Nel 2018 si è svolta la prima edizione del MurAL Fest, un festival di street art nato dalla collaborazione tra il gruppo artistico italiano 167/ B Street e il governo di Tirana. Durante la manifestazione, tredici artisti di strada provenienti da Albania, Italia, Serbia, Uruguay e Francia hanno decorato le facciate dei palazzi di tutta la città usandole come tele da dipingere.

La Tirana di oggi ospita diversi stili architettonici che rappresentano i periodi più importanti della sua storia, alcuni dei quali risalgono all’antichità e altri costituiscono un esempio dell’architettura dei regimi totalitari del XX secolo, formando un mix di infrastrutture che rendono Tirana una città unica. All’epoca fascista risalgono il Palazzo dei Briganti (ex palazzo del re d’Albania Zog I), gli edifici dei ministeri, il palazzo del governo e il municipio, progettati dai noti architetti del periodo mussoliniano in Italia, ovvero da Florestano Di Fausto e Armando Brasini.

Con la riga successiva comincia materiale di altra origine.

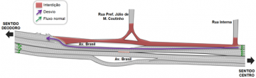 · Interdição TOTAL da Av. Brasil, pista Central, sentido Deodoro, entre a Passarela 4 e o canteiro de obras próximo a Rua Prefeito Júlio de Moraes Coutinho.

Negli anni Settanta Hoxha fu invece responsabile della creazione di una rete di bunker in tutto il Paese, un progetto paranoico destinato a proteggere il leader comunista in caso di attacco nucleare. A Tirana è possibile visitarne due, il Bunk’Art e il Bunk’Art-2. Il primo, ora adibito a museo di storia e galleria d’arte contemporanea, era un rifugio di cinque piani e tremila mq dai corridoi tortuosi e con un centinaio di stanze, mai messo in funzione dal momento che Hoxha morì prima che fosse completato. Al suo interno si trovano gli alloggi e le sale riunioni destinati a Hoxha e ai suoi ufficiali. Il secondo, sormontato da una cupola all’ingresso, era originariamente chiamato «Objekti Shtylla» e le sue ventiquattro sale furono aperte al pubblico nel 2015.